## Task to carry out
The lines you return must be all those in the data that hold the string "Frederik".

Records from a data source
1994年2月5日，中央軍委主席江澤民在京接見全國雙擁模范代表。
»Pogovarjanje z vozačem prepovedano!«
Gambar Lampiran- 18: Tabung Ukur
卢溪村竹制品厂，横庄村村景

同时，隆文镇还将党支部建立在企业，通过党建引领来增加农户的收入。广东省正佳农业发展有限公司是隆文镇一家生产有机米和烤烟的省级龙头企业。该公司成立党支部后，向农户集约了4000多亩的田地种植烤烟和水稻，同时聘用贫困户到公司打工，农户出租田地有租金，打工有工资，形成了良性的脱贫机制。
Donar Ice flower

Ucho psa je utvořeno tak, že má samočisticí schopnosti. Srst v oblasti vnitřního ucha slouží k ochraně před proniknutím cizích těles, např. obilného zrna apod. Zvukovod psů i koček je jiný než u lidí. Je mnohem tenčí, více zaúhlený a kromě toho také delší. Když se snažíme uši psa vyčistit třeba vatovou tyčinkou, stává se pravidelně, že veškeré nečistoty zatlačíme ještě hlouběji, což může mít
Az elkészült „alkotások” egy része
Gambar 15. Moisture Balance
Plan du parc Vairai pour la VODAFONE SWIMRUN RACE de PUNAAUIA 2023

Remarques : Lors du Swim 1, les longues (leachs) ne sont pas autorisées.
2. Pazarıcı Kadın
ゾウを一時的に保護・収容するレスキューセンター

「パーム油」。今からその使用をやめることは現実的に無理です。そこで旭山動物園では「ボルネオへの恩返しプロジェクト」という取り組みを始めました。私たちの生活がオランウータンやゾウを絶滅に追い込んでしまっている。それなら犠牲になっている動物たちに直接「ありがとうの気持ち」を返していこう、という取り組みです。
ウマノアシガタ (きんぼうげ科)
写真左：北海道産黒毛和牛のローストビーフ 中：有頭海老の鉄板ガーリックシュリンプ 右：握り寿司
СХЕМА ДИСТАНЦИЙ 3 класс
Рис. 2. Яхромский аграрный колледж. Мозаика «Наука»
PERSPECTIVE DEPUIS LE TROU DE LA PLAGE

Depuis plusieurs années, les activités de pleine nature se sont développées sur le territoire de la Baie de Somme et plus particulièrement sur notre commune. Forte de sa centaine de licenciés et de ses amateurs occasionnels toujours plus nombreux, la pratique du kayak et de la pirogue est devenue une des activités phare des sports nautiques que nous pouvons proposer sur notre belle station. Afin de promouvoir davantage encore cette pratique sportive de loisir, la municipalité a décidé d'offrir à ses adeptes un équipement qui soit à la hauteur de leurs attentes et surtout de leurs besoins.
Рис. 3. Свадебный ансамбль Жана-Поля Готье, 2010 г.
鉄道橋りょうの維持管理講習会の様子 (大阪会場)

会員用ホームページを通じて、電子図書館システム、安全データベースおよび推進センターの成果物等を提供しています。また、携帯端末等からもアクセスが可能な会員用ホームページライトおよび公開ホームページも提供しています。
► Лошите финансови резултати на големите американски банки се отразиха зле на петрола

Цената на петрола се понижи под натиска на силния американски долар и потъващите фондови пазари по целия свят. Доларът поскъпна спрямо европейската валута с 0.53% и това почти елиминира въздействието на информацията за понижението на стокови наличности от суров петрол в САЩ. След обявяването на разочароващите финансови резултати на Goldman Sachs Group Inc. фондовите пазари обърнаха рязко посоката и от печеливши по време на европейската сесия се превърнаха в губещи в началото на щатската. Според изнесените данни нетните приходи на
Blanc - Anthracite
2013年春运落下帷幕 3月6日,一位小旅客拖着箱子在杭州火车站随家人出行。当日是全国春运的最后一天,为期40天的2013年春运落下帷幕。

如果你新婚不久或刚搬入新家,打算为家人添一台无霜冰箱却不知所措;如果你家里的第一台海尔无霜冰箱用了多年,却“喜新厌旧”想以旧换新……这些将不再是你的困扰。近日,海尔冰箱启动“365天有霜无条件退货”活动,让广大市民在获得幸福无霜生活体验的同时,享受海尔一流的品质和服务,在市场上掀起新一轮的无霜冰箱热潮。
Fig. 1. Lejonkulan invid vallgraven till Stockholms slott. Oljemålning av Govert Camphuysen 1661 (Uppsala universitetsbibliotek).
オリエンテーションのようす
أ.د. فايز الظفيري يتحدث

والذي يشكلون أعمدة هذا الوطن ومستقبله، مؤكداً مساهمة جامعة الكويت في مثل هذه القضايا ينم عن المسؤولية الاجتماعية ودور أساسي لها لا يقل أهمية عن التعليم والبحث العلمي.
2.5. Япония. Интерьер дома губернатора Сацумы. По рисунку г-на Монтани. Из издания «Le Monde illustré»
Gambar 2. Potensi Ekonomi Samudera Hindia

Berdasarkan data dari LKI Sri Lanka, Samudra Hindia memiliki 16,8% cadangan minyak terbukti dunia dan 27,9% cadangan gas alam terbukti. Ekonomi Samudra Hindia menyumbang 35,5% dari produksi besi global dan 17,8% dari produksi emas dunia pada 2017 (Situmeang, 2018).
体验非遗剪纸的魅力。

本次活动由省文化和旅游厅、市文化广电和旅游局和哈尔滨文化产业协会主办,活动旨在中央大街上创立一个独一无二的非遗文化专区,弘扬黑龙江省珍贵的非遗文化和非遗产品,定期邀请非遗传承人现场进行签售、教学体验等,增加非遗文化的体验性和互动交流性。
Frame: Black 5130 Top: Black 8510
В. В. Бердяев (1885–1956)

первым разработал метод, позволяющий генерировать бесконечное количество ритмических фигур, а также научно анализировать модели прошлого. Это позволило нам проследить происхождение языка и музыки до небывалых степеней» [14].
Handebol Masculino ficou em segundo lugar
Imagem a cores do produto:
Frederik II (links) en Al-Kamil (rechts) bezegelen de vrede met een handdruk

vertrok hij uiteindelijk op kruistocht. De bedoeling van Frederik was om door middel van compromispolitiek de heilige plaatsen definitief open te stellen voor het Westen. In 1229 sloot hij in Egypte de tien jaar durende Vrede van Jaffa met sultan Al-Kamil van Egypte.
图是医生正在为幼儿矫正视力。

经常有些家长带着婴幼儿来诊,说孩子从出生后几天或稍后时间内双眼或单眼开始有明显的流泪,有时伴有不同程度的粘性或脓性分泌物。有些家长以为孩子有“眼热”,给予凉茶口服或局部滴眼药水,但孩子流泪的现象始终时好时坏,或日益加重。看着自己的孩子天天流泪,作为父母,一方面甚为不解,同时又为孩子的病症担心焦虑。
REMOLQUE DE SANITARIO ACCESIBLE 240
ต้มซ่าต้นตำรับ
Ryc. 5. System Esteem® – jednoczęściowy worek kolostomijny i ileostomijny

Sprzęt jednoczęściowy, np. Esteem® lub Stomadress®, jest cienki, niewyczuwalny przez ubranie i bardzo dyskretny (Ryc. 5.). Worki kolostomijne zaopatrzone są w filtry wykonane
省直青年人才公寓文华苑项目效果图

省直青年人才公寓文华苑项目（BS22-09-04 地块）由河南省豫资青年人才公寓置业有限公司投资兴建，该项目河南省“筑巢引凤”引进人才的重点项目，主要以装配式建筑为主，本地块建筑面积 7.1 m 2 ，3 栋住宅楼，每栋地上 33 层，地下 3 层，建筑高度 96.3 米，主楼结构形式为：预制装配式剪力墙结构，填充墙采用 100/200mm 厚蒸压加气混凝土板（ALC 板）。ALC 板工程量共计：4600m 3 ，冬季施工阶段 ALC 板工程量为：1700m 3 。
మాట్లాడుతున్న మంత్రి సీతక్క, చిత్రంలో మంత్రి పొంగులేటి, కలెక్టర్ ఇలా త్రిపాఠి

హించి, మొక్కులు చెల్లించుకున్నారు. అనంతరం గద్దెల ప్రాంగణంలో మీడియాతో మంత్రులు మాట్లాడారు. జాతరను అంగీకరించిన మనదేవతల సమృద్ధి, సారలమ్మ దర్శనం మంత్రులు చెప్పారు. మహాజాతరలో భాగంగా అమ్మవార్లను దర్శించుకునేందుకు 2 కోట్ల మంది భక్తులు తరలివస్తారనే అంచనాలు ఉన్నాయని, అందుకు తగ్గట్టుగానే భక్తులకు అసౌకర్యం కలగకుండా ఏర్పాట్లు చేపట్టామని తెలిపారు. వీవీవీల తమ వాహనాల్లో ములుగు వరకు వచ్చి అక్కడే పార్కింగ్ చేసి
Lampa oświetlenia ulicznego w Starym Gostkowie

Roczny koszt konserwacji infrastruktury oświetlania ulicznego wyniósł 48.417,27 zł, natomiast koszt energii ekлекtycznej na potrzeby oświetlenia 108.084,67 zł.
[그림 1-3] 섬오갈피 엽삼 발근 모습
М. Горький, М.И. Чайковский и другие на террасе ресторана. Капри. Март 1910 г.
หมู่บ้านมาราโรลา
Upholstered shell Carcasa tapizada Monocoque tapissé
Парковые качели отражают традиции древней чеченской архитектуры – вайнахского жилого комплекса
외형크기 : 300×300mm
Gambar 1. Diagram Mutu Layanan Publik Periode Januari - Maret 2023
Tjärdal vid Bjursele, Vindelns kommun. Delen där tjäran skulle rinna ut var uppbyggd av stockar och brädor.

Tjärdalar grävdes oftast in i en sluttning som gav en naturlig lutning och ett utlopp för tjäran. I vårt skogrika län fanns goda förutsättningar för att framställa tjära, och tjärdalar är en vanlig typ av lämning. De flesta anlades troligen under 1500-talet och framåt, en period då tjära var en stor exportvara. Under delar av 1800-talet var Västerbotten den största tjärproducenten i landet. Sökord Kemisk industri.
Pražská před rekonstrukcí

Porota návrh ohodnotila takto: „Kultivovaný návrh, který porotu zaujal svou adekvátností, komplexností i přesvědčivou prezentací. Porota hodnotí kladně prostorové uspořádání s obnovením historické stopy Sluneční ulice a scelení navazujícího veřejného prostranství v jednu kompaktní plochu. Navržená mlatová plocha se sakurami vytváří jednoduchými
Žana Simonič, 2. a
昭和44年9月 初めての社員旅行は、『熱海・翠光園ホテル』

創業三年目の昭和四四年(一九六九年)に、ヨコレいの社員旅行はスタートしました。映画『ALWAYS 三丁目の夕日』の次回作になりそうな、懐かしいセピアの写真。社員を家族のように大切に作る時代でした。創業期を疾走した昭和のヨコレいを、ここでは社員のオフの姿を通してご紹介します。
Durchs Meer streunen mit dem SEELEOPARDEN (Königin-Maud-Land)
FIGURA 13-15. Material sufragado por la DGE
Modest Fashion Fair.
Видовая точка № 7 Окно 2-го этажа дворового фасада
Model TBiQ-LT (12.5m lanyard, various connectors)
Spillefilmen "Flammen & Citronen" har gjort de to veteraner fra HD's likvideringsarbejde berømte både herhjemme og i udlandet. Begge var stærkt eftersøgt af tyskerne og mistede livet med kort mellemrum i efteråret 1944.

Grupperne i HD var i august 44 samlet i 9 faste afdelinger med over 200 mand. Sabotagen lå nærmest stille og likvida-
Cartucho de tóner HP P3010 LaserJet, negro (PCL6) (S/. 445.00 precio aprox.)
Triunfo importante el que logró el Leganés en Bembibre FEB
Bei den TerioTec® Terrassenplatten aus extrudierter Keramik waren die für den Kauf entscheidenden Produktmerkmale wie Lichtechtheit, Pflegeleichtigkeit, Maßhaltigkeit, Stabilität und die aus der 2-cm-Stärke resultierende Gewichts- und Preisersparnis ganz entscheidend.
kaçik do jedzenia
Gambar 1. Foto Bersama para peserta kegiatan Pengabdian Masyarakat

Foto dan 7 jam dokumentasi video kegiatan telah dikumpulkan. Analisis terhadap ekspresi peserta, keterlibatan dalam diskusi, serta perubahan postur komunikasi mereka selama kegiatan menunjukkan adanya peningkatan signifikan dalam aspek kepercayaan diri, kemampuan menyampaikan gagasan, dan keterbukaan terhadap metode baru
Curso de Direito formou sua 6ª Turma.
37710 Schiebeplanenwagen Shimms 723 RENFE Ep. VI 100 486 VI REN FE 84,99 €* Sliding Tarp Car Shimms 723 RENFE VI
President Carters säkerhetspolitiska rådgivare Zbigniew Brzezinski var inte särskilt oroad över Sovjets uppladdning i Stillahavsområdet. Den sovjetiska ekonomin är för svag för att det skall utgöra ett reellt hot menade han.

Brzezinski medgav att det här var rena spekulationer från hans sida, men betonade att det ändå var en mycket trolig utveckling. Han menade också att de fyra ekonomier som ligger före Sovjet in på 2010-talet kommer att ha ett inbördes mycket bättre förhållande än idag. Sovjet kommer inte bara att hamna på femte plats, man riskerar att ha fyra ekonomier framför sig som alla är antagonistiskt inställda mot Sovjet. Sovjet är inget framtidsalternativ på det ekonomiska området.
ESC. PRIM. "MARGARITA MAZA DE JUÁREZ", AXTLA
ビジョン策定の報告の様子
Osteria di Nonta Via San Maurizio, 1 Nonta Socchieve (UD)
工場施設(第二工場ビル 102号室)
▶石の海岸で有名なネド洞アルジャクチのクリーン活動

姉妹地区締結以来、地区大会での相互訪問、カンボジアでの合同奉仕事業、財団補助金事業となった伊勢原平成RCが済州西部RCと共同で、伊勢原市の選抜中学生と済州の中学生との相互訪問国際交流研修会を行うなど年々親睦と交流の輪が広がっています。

## Written response
Frederik II (links) en Al-Kamil (rechts) bezegelen de vrede met een handdruk
vertrok hij uiteindelijk op kruistocht. De bedoeling van Frederik was om door middel van compromispolitiek de heilige plaatsen definitief open te stellen voor het Westen. In 1229 sloot hij in Egypte de tien jaar durende Vrede van Jaffa met sultan Al-Kamil van Egypte.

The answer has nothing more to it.